Scarlet Alliance, an Australian sex-worker association, along with our members and allies in Australia, joined the international protests in memoriam of sex workers Jasmine in Sweden and Dora in Turkey, murdered within one day of each other.

The protests took place outside the Swedish and Turkish embassies on July 19 and other prominent locations in every state of Australia and across hundreds of cities worldwide, to draw attention to the systems of criminalisation and discrimination that allow violent murders to happen and enable the lack of action by police.

Rose Alliance, a Swedish sex-worker organisation, said on July 12: “Our board member, fierce activist and friend Petite Jasmine got brutally murdered yesterday.

“Several years ago she lost custody of her children as she was considered to be an unfit parent due to being a sex worker. The children were placed with their father regardless of him being abusive towards Jasmine. Yesterday the father of her children killed her. She always said: ‘Even if I can’t get my kids back I will make sure this never happens to any other sex worker’.”

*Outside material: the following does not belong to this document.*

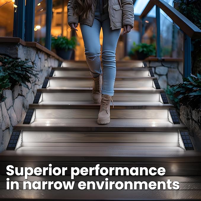 - 【Ultra-thin Solar Panels & Safer】The solar outdoor lights with ultra-thin solar panel can prevent tripping and adapt to narrower stairs. Better integrated with stairs, enjoy the perfect combination of functionality and beauty
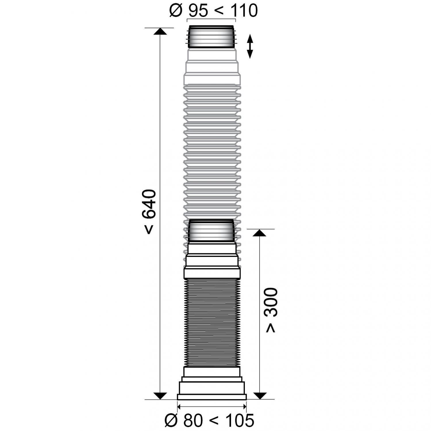 El manguito WC extensible labiado de WIRQUIN es la solución ideal para conectar el inodoro en instalaciones donde la distancia es mayor o irregular. Gracias a su diseño extensible de 300 a 640 mm, ofrece una gran capacidad de adaptación a diferentes configuraciones.

Sweden, with its reputation for being a leader in gender and social equality, is also known for passing the 1999 law that criminalises the clients and many aspects of sex workers’ work and support structures.

In considering all sex workers as victims and all clients as abusers, the Swedish state denied women who sell sexual services any kind of agency. This paternalistic approach, aggressively promoted to other countries including Australia as “protecting women”, actually leads to an attitude that infantilises women and discredits women's choices and experiences. It ultimately leads to many human rights violations.

Women caught selling sex have their children taken away from them, are kicked out of their homes and see their experiences denied.

Ari Reid, a sex worker in Australia, a mother and representative of Scarlet Alliance who is coordinating the Australian events, said: “Jasmine’s story broke my heart and as a mother and a sex worker, it also scared me.

“The promotion of the ‘Swedish model’ of sex-work regulation, which allowed this to happen, must stop.”

Enough sex workers have suffered or died because of stigma and criminalisation. We demand change.